Yoshiro is over a hundred years old but he’s still hale and hearty. In his lifetime, he’s seen the world change beyond recognition, from the first warnings of environmental disaster in his youth, to the present uneasy state of things. As the demand for natural resources intensifies, Japan has closed its borders against the outside world, deliberately returning to its Edo-period isolationism. Foreign words are outlawed; foreign concepts suspicious. Japan has decided to go it alone, relying on the orchards and fields of Okinawa. The message is attractive politically, but life on the ground is harder. With the centre of Tokyo now deserted and contaminated, the politicians and the wealthy have fled into their gated communities and ordinary people struggle to get by in a world where fruit and vitamins for their children are desperately hard to come by.

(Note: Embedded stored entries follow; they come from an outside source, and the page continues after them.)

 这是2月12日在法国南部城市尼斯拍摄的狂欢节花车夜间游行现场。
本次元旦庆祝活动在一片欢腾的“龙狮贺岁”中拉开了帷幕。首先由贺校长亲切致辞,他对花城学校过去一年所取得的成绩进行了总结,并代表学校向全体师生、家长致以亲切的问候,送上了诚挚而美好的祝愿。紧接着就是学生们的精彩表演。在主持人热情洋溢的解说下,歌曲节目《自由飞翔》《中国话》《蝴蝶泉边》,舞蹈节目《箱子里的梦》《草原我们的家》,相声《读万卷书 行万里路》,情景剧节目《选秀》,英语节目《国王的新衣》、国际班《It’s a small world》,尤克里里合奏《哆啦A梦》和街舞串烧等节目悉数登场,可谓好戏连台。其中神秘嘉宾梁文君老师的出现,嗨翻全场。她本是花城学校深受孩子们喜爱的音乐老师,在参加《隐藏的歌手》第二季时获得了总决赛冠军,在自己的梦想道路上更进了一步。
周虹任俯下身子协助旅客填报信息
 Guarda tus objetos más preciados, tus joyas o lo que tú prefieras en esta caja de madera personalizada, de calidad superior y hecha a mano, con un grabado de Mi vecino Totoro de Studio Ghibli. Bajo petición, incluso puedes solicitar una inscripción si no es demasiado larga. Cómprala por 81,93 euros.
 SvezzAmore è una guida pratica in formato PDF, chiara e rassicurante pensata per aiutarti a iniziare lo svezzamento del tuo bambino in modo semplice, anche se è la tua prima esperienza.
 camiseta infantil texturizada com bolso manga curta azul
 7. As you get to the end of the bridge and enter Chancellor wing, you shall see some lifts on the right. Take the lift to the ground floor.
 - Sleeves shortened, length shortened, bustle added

And vitamins are vital, for the children of this new age have been born weak and stunted, their lives hanging by a thread. Yoshiro cares for his great-grandson Mumei, whose feckless father has long since disappeared, and whose grandmother (Yoshiro’s daughter) has made a new life for herself picking fruit in Okinawa. When life promises to last forever, and the elderly keep their health, there seems no point in tying oneself down to children, family, home. But Yoshiro is old enough to think differently. And so he alone watches as Mumei grows and struggles to thrive (though never complaining: for Mumei, this is normal). It’s Yoshiro who takes his great-grandson to school, carrying him on the back of the bike when Mumei can’t manage more than a few steps on his malformed legs, or who frets over getting hold of an orange, or who tells Mumei stories about animals he’ll never see and a wider world he’ll never visit. He knows that Mumei is likely to die before adulthood and yet, like all carers for all children in this new Japan, Yoshiro is determined to do all that he can to give his little boy the best possible chance. This is where the impact of the story truly lies: in the way that, even under the most desperate circumstances, our basic humanity still finds expression.

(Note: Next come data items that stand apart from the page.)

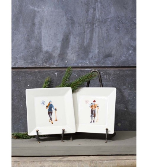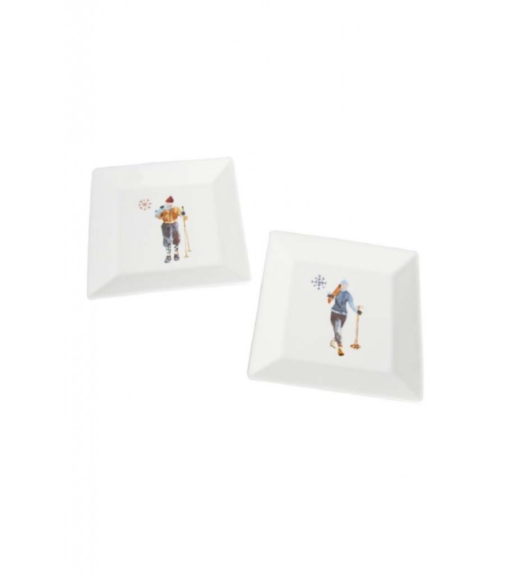 Set de 2 Assiettes creuses en céramique blanche avec dessins skieurs. Assiettes élégantes et classiques. Dimensions: 17.5x17.5cm - Couleur: Blanc - Matière: Céramique
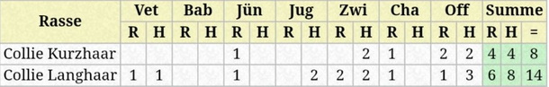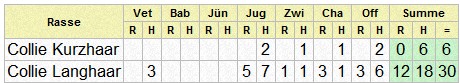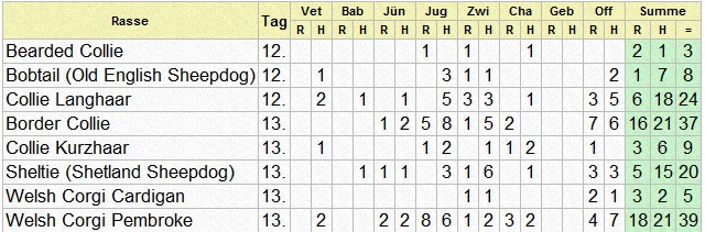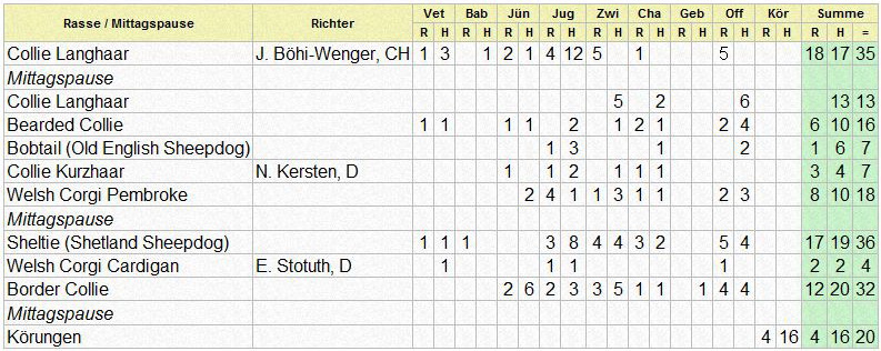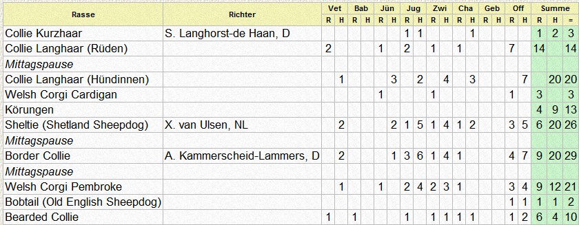 | Rasse | Ring | Richter | Beginn | Vet | Bab | J? | Jug | Zwi | Cha | Geb | Off | Summe | ||||||||||
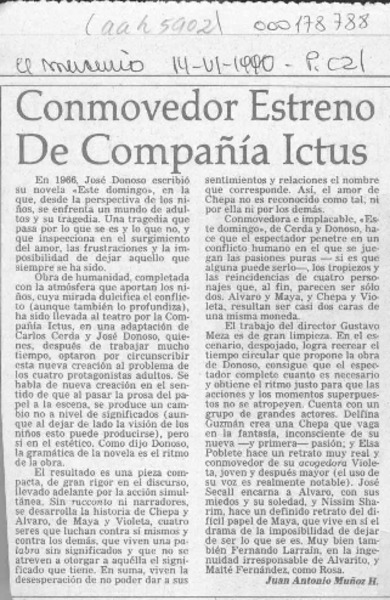 Conmovedor estreno de compañía Ictus [artículo] Juan Antonio Muñoz H.
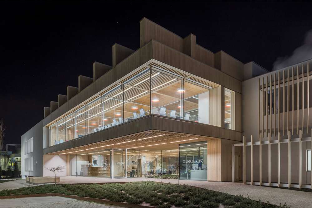 A actuación comprende a reforma integral de dous edificios de oficinas existentes, a construción dun novo edificio de conexión entre ambos e a urbanización da súa contorna. O forte carácter industrial da localización orienta os criterios de intervención e deseño, introducindo novos valores de sustentabilidade, dimensión humana e conservación do seu propio patrimonio. O novo carácter da intervención transcende o seu ámbito inicial, amabilizándoo e humanizándoo en todas as súas dimensións á vez que incorpora e convive coa paisaxe forestal e industrial circundante.
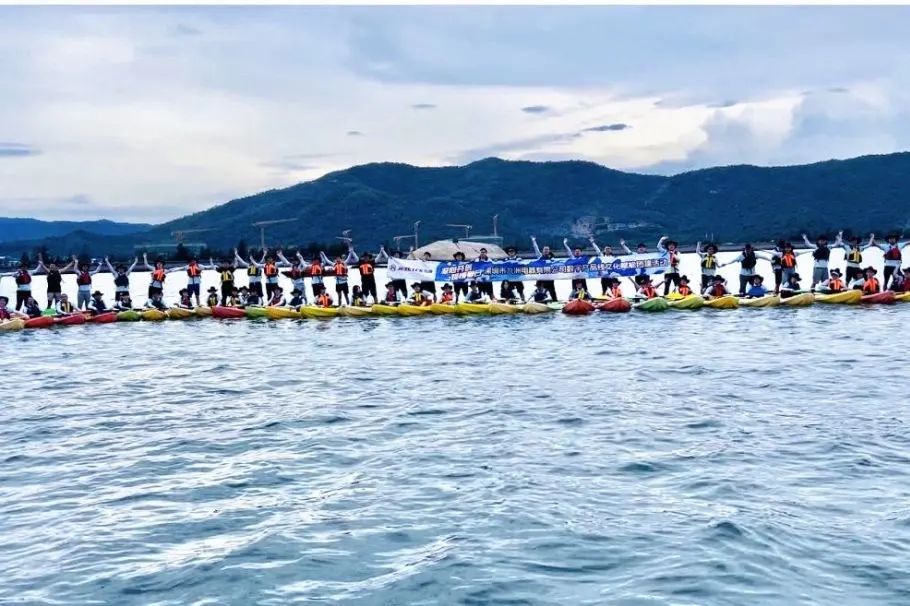 由專業(yè)的皮劃艇教練為大家做皮劃艇專業(yè)動作要領(lǐng)和安全注意事項的培訓(xùn),大家認(rèn)真聆聽并迅速掌握要領(lǐng)。培訓(xùn)結(jié)束后,大家躍躍欲試,穿上救生衣,踏上皮劃艇,撐起長船槳,自由練習(xí),一陣陣歡聲笑語和整齊的“左、右、左、右...”打破了海面的平靜。

Spoilers ahead in this paragraph, because I want to go back to that really unsatisfying ending. This sweet, sad little fable is tripping along quite happily when Tawada suddenly seems to get bored and throws in a curveball. Mumei undergoes some kind of fit at nursery school and wakes up again at the age of fifteen – not having been in a coma, or anything like that, but as if his consciousness just got bored of the intervening years. We see that he’s lived them, but can’t really remember them. Narratively, as well as chronologically, we have to jump over a great chasm and we find ourselves in a single scene that doesn’t really seem to have much bearing on what comes before; nor does it act as a tying up. Indeed, the end is entirely abrupt and doesn’t really answer any of the implicit questions posed in the first part. It’s hugely frustrating.

Perhaps I’m doomed to disappointment if I expect Japanese fiction to follow Western narrative norms, but I’m familiar with writers like Murakami and he’s perfectly capable of spinning a logically constructed story. For the most part, Tawada’s story is structured so conventionally that this final shift feels jarring and actually spoiled my enjoyment of all that came before, because it left me feeling as if I’d only read fragments. (Had the end made slightly more sense, the story would have been edging towards four stars.) But I’m very open to hearing from others who might be more familiar with the conventions of Japanese fiction and who might be able to explain to me what Tawada is trying to do.

It’s a shame about that ending, because I really enjoyed the rest. It offers a thoughtful perspective on natural disaster and shows us that a post-apocalyptic scenario doesn’t have to involve zombies or survivalists or living in caves, but could be a perfectly logical consequence of the way that we live now – madly using up the world’s resources without a thought for how future generations might live on an Earth stripped back to the bone.